Table 7. Summary of capital costs for each piece of system equipment.

Equipment Name	Price of Item/Yuan	Quantities/Unit
Tank	12,116,600	5
Compressor	11,489,400	3
Turbin	2,091,200	5
Heat exchangers	2,412,900	18
Pump	2,638,400	3

, with a total of CNY 156,854,600. According to the electricity price policy for industrial users at an LNG receiving station in Tangshan, Hebei, different electricity prices are applied at different times of the day, with peak electricity price at 0.8473 CNY/kWh and valley electricity price at 0.1233 CNY/kWh.

Due to the use of propane tanks as intermediate storage, the system has flexible energy storage and release capabilities, which can flexibly generate electricity according to users’ electricity demands. The cold energy power generation system operates along with the vaporization of LNG. During the energy storage period, the ORC system can provide partial electrical energy for the three compressors. During the energy release period, the ORC system and the liquid air energy release system generate electricity together. The cooling capacity provided by the cold energy air conditioning can save 5000 kW of electrical energy, which can also be considered as part of the project’s revenue.

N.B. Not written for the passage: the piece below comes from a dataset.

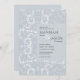 Esses convites de casamento planos de 5" x 7" apresentam um design elegante e elegante de renda crocheteira em uma tonalidade macia de azul empoeirado.

The plant’s service life is calculated as 25 years, with a discount rate of 7%, a tax rate of 25%, a daily working time of the system of 22 h, a daily peak electricity time of 11 h, and a daily off-peak electricity time of 11 h. The air conditioning working time is calculated as 90 days per year, with 22 h of work each day.

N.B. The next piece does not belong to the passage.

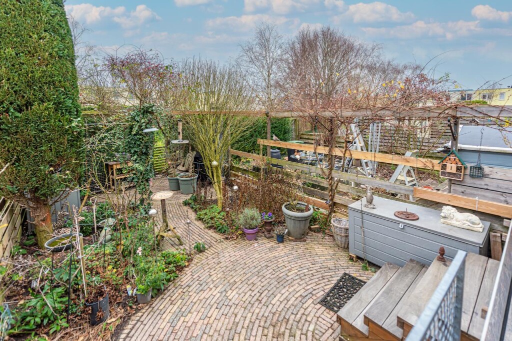 Eerste etage: bereikbaar via een trap aan de buitenzijde, dan wel via de hal en vaste trap, entree, meterkast, toiletruimte, trap naar zowel boven als naar beneden, royale lichte woonkamer met achterdeur welke toegang geeft tot het terras en de ruime tuin op het zuidwesten, open keuken voorzien van diverse inbouwapparatuur en een openslaande deur aan de voorzijde.

As shown in Figure 6, when conducting an economic analysis of this project using the net present value method, the net present value is calculated to be CNY 566,413,500, and the project can recover its initial investment cost within 2.53 years. The annual operating cost of the project is CNY 149,952,000, of which the electricity consumption cost is CNY 102,896,000 and the maintenance cost is CNY 47,056,000. The total revenue of the project is CNY 770,592,000, which includes two parts: one is the CNY 686,710,000 obtained from selling electricity during peak electricity periods, and the other is the CNY 83,883,000 saved from air conditioning electricity costs.

5. Conclusions

This research presents a new LAES system, aiming to tackle the issues of low efficiency and limited practical value in existing LAES systems, and the inability of LNG cold energy power generation to balance power supply and demand. The system stores the cold energy released during LNG gasification in low-price electricity periods and releases it during high-price periods, also cascading the use of LNG cold energy to boost system performance.

(1)

By replacing the electricity-driven cryogenic cooling process with LNG cold energy, the system attains a cycling efficiency of 105.83%, versus the 50% to 70% efficiency of traditional LAES systems.

(2)

Simulations show that the system has an overall exergy efficiency of 55.89%, a 6.18% increase from conventional LAES systems. The cascading design uses the LNG’s cryogenic zone (−162 °C to −80 °C) for LAES, its mid-temperature zone (−80 °C to −45 °C) to drive an ORC power generation system, and its high-temperature zone (−45 °C to 1 °C) for air conditioning cooling. This design effectively reduces exergy losses due to temperature differences in heat transfer. Although heat exchanger groups have the largest proportion of exergy losses at 47%, the compression group’s exergy efficiency stays above 80%.

(3)

Based on the peak–valley electricity prices in the Tangshan area, the system generates an annual revenue of CNY 77.06 million, with a net present value (NPV) of CNY 566.41 million and a capital payback period of just 2.53 years. During the energy-release phase, power generation revenues are CNY 68.67 million per year, and energy-saving revenues from cold energy air conditioning reach CNY 8.39 million per year. Annual operating costs are CNY 14.99 million (including CNY 4.71 million for maintenance). The economic model confirms the system’s commercialization potential in areas with high peak-shaving demand.

(4)

The system uses the thermal discharge from the power plant during the LNG gasification process. This not only cuts down the cooling steps for the power plant but also offers a heat source for LNG cold energy recovery, avoiding ocean thermal pollution. This improves both economic and environmental performance.